I think between incompetence and malice, almost no decent reviewing takes place in India. Mostly it is the clever, collegiate 'quiz competition' kind of notices that pass off for book reviews. Media journeymen -- out of work journos, copy editors in publishing houses, peripheral academics, precious column writers -- these are the ones who are handed out books. Most of them lack the skill, the craft, the heart, the understanding of the tradition, to assess serious books. They lack the ability to inhabit the intent or ambition of a book. They praise bad books, damn good ones -- all without understanding or reason.
At best, some of the more enterprising ones trawl the Internet and acquire some jargon and some familiarity -- the quiz-master kind -- with arcane literary names. And worse, they mostly write for small backslapping coteries -- again the same kind of collegiate sensibility, strongly reflective of half-knowledge mostly acquired through a few books and having nothing to do with adult lived lives.

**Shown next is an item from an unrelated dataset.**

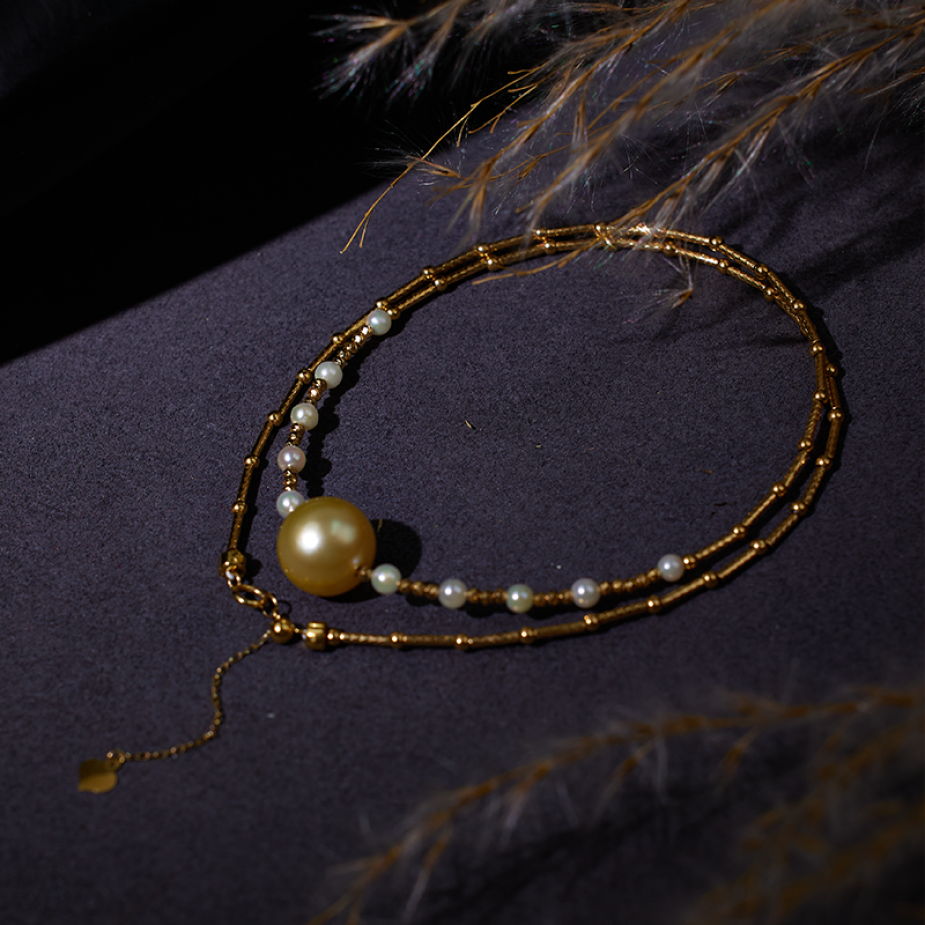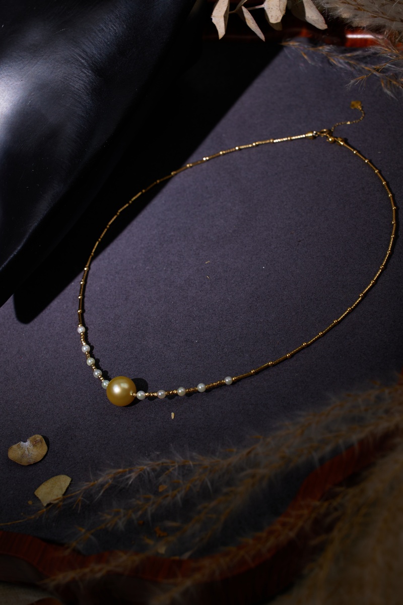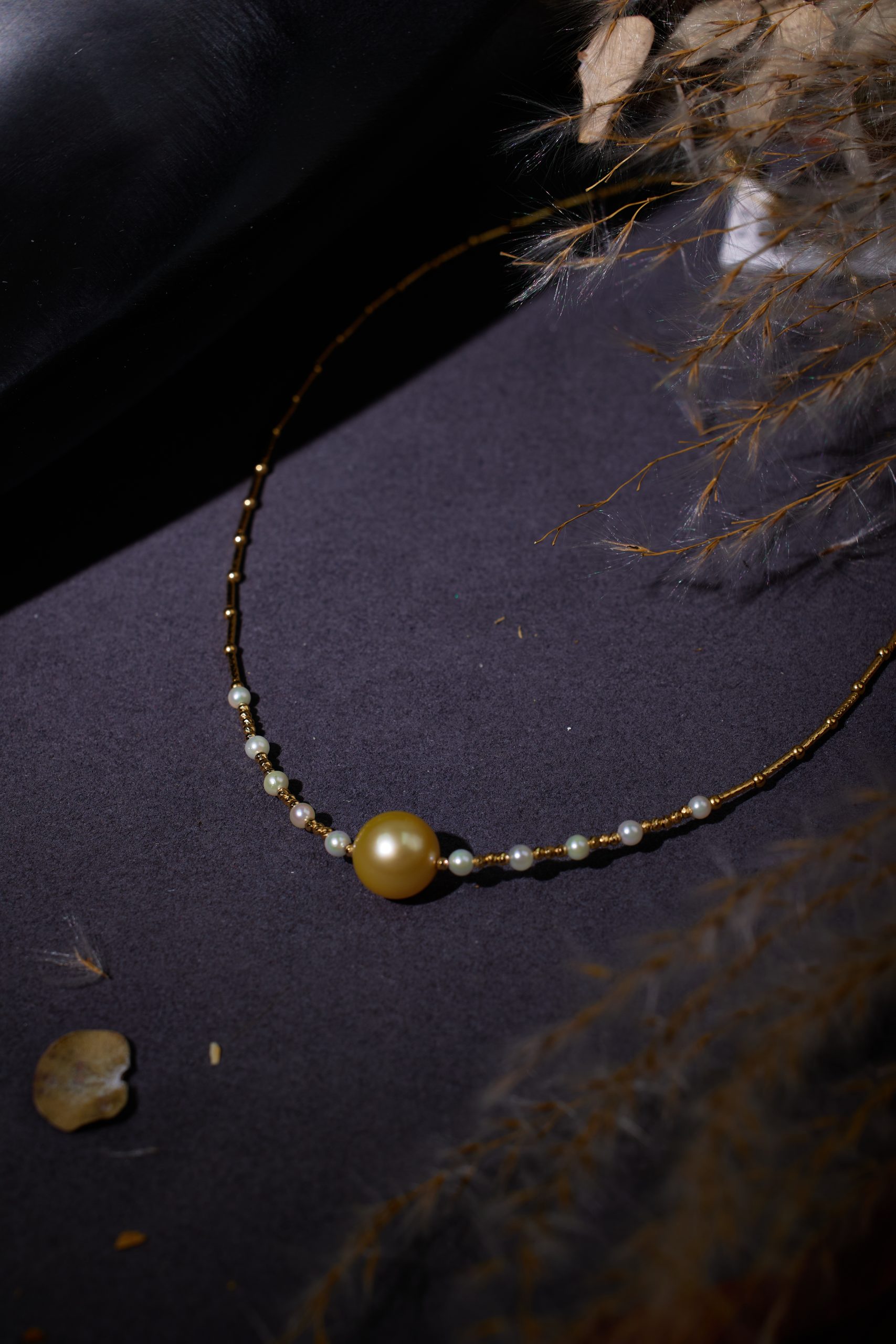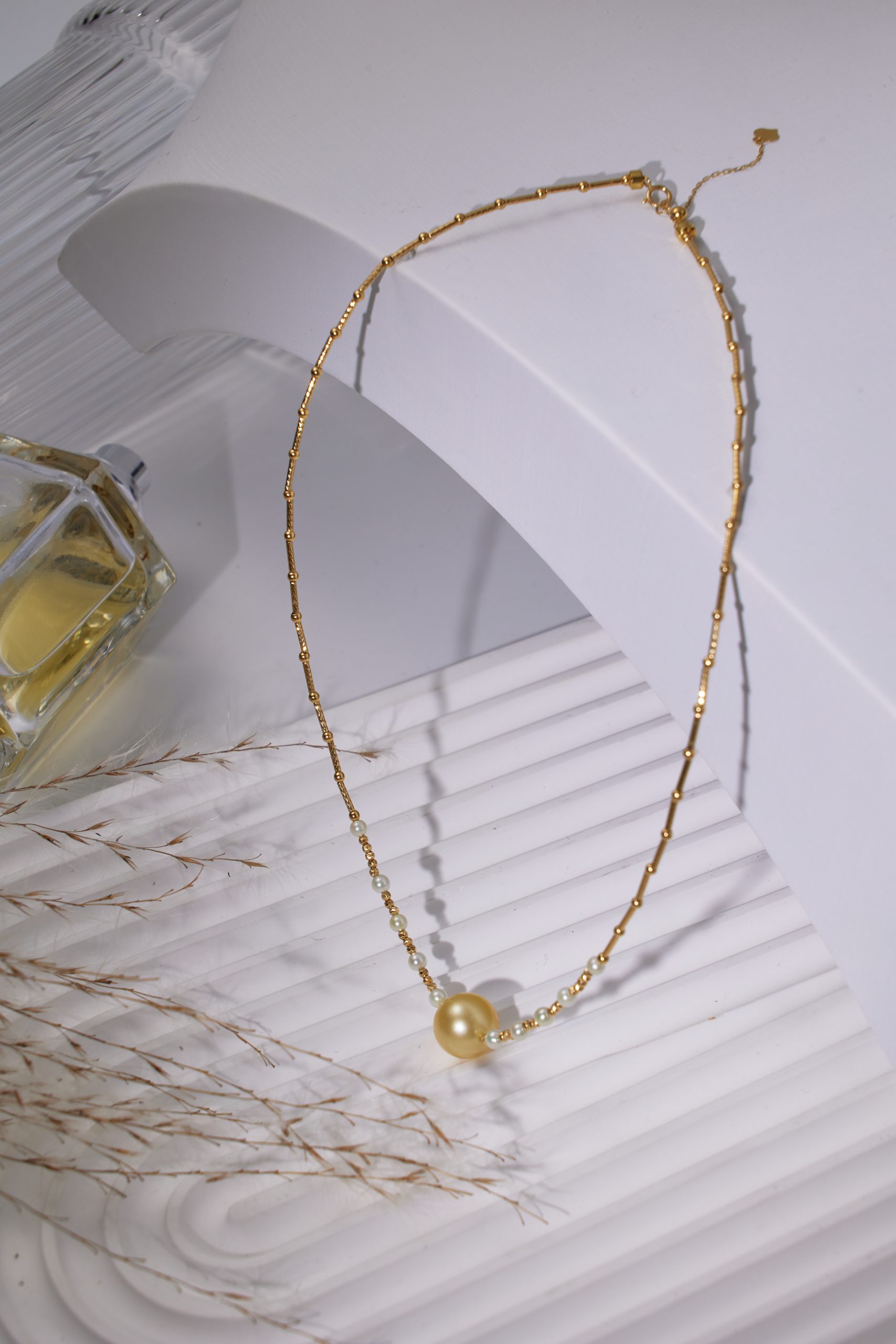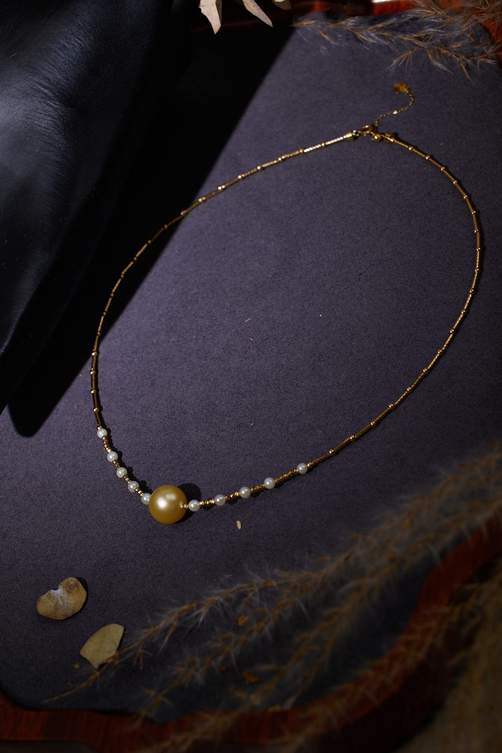 | Pearl diameter: 3-12mm; Color classification: golden&white; Necklace length: 42.5cm; |

Tejpal is so upset at Indian reviewers that he offers us a review of his own book, The Alchemy of Desire. He writes:
It is full of the joy and vitality of passion, love, desire, ambition, lived lives of the most ordinary -- in fact, my publisher in London has described it as a book that "burns with the fullness of life." Yes, there is perhaps a melancholy strain running through it. But then life is like that -- no matter how vibrantly we construct it, there is a coda of sadness always waiting for us.
Or a soda of cadness. (Link via Uma Mahadevan-Dasgupta, a fine reviewer herself, not the kind Tejpal described.)
Postscript: A debutant novelist recently told me of how another recent novelist warned him that many Indian reviewers would trash his book "because it was a book". That is, because they hadn't written a book, they would resent anybody else who had. Sounds plausible to me.